● Provided records:
%%

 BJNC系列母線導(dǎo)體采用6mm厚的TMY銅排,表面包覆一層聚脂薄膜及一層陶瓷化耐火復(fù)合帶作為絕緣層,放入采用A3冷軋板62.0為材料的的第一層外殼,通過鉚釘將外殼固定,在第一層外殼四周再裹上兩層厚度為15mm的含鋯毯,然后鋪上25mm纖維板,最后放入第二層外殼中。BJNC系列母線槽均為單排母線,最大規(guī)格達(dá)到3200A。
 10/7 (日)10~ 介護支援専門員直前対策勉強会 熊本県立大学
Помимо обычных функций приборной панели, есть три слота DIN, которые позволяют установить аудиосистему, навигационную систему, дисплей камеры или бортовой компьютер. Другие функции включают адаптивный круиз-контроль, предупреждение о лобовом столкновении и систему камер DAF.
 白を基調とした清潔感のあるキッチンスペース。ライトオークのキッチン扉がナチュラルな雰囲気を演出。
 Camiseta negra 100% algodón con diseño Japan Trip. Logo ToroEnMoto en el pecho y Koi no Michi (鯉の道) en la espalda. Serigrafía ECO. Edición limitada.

%%
%%

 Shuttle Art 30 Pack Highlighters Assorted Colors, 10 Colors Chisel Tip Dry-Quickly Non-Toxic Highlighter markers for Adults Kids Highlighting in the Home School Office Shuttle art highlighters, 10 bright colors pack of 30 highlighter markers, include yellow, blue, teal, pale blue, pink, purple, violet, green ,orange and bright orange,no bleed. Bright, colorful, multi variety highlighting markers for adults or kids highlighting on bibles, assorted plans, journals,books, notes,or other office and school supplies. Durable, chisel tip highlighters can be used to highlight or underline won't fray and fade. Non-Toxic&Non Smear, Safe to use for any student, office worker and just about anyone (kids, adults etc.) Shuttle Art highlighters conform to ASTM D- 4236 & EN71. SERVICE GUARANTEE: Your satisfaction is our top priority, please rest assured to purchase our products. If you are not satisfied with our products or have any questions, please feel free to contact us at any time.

%%

● Assigned task: Lines to set down from above: the line with "BJNC系列母線導(dǎo)", the line with "Camiseta negra 100%", and every line between, each exactly as written.

● Answer box:
 BJNC系列母線導(dǎo)體采用6mm厚的TMY銅排,表面包覆一層聚脂薄膜及一層陶瓷化耐火復(fù)合帶作為絕緣層,放入采用A3冷軋板62.0為材料的的第一層外殼,通過鉚釘將外殼固定,在第一層外殼四周再裹上兩層厚度為15mm的含鋯毯,然后鋪上25mm纖維板,最后放入第二層外殼中。BJNC系列母線槽均為單排母線,最大規(guī)格達(dá)到3200A。
 10/7 (日)10~ 介護支援専門員直前対策勉強会 熊本県立大学
Помимо обычных функций приборной панели, есть три слота DIN, которые позволяют установить аудиосистему, навигационную систему, дисплей камеры или бортовой компьютер. Другие функции включают адаптивный круиз-контроль, предупреждение о лобовом столкновении и систему камер DAF.
 白を基調とした清潔感のあるキッチンスペース。ライトオークのキッチン扉がナチュラルな雰囲気を演出。
 Camiseta negra 100% algodón con diseño Japan Trip. Logo ToroEnMoto en el pecho y Koi no Michi (鯉の道) en la espalda. Serigrafía ECO. Edición limitada.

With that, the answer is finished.